What enrages the cultured despisers is not just
the depiction of violence. It's something much deeper and more primal than that.
It's the suggestion that our sin is so great, only the death of God could atone
for it. Our own good intentions and our own progressive moral values don't stand
a chance against sin. Only God could do what we cannot do.
I
don't know the inner workings of Mel Gibson's mind. I know that, like that other
muscle bound hero, Governor Schwartzenegger, he is an outsider amongst the
cultural establishment; but for very different reasons. Sure, he makes macho
action figures. But he is also happily married and the father of seven children.

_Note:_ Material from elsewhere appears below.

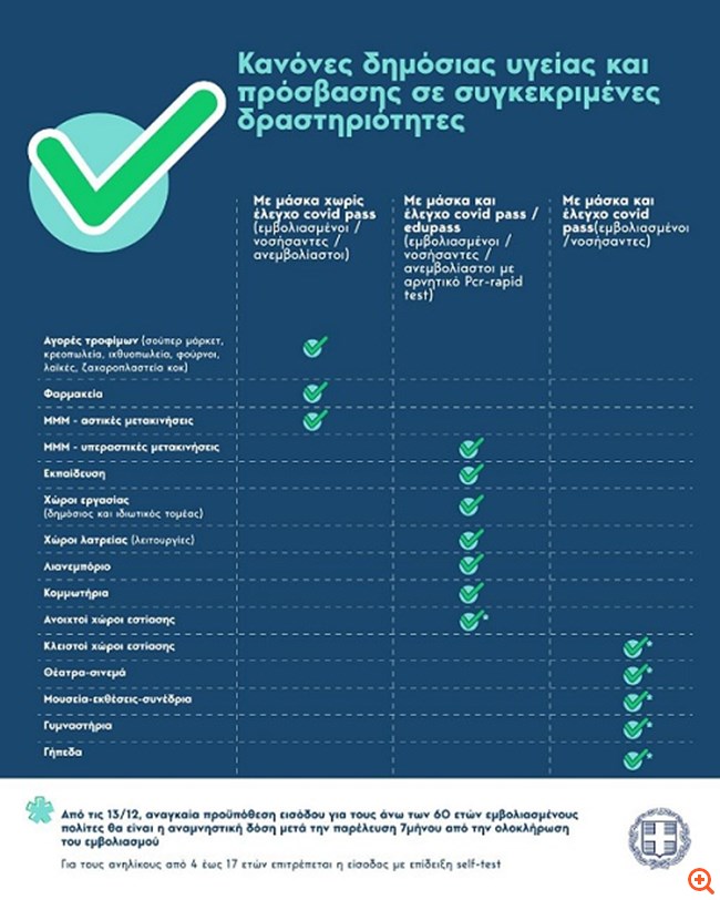 - Το πιστοποιητικό εισόδου σε κλειστούς χώρους για εμβολιασμένους άνω των 60 ετών παύει να ισχύει επτά μήνες από την έκδοσή του. Θα δοθεί, δηλαδή, ένας μήνας περιθώριο για τον εμβολιασμό τους με την 3η δόση μετά την πάροδο του εξαμήνου.

And his religious faith - not the shallow ephemeral faith of the celebrity who
suddenly finds Jesus, but the faith of the ages - his religious faith is the
most important thing about him. Because he is conservative, media and culture
can only see the nefarious hand of repression and manipulation.
But
whatever we think of his movie, Christians should admire Mel Gibson for his
courage. We should also discern that our reactions to the movie will not be
based solely on its artistic merits but on where we stand in relation to Jesus
Christ. Is he the Son of God? Or is he a human teacher who somehow managed to
stumble unwittingly into a series of events that ended in his death as liberal
critics have been saying for 200 years?
Unless you
believe in your heart that it was God who went through the scourging and God who
was nailed to the Cross; and that God did it for you as well as for the
whole world, then The Passion of the Christ will be simply
pointless, mind-numbing, soul-searing violence. But if he is, as the Gospel of
Mark says, Jesus Messiah, the Son of God, then one can't help but stand amazed
at the incredible lengths God was willing to go in order to heal us and save us.